CHAPTER  |  SEVENTEEN

Quality Is Not What You May Think

Every organization says it has “quality,” but just saying you have it isn't enough. Quality is a necessary and important part of any product or service you offer, whether that product or service is an automobile or an airplane, a potential candidate for a job, or the due diligence conducted by a consultant, attorney, or accountant prior to an acquisition. The word also reflects what you mean by quality. But do you ever think about what quality means to your customer?

For instance, the speed at which you provide your service is likely part of quality, either as seen by you or your customer. However, is this speed fast or slow? In a fast-food restaurant, most customers want the pace of service to be fast. On the other hand, customers in a fancier restaurant will prefer a slower pace, especially if they are conducting a business meeting or the meal is part of a romantic evening.

Quality is indeed a relative matter. I was making a presentation to a potential corporate client a few months ago, proud that the program we had developed would aid students in completing a demanding MBA program in only eleven months, rather than the standard two years—what I viewed as a quality improvement. “You don't understand,” the vice president of human resources said. “We don't want our employees to complete their MBAs that quickly. They'll get their MBAs and then leave us. We want them to take at least two years.” So, there are many different ways of looking at quality, but you should always view it from the point of view of the customer.

You Think You Got Quality? It Ain't Necessarily So

According to Drucker, quality in a product or service is not what the supplier puts into it. It is what the user gets out of it. It's what they pay for.1 Users want only what they can use and what gives the product or service value for them. I emphasize “for them.” Value is as they perceive it, and quality is part of that value. Therefore, it is foolish for a seller to spend money, time, and effort developing quality as he sees it, for the buyer may not see it that way at all. Further, it is equally foolish to promote durable products that will last forever, or products or services that are provided fast, or even products that are 100 percent reliable in manufacturing, if these features are not what is desired or appreciated as value by the user.

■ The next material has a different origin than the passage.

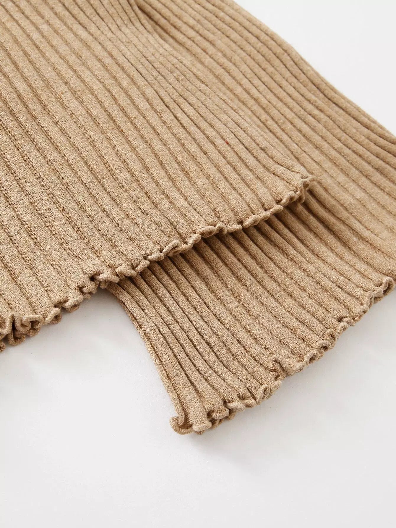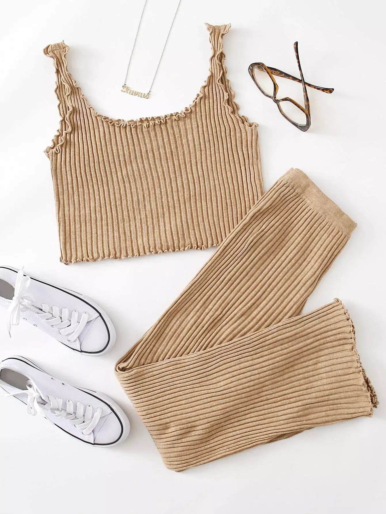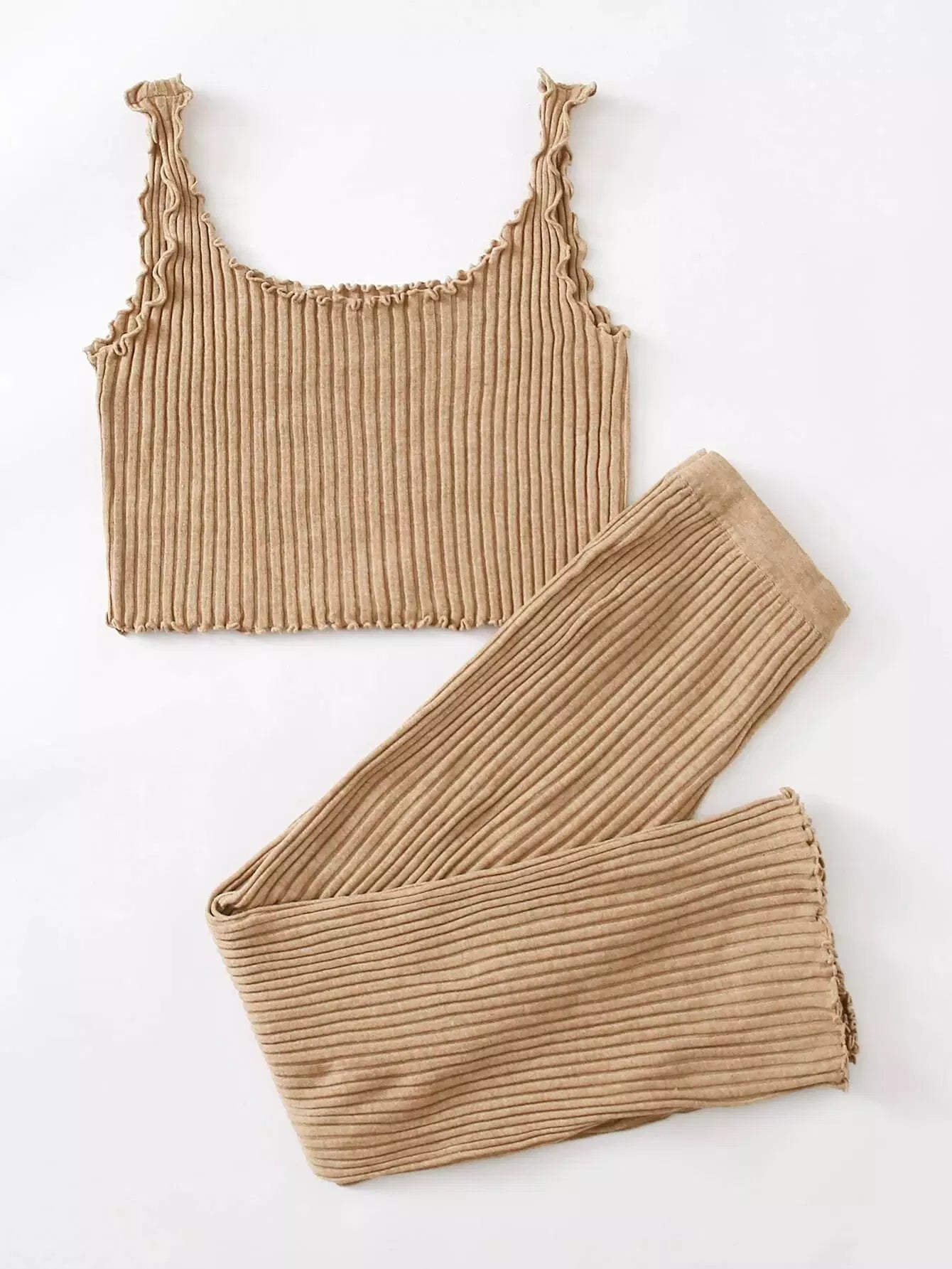 Lettuce Trim Rib-knit Top & Pants Set

I once worked for a company that made oxygen breathing masks for military aviators. It supplied the masks to the government in quantities of upwards of 40,000 at a time. Many other companies had tried, but none had ever succeeded in getting into this market. That was because of a single valve that was used in the oxygen mask. No matter how much “quality” the other manufacturers built into the valve, a significant number of valves would fail to perform as specified during quality testing of production batches. In fact, the more bells and whistles that were added, the more difficulty the company had in meeting the specifications of the test. And those “high-quality” valves the competitors offered were made of expensive and exotic materials, frequently making those products far more expensive than those manufactured by my company. The government couldn't have cared less about added gimmicks; passing the test was absolutely critical, though.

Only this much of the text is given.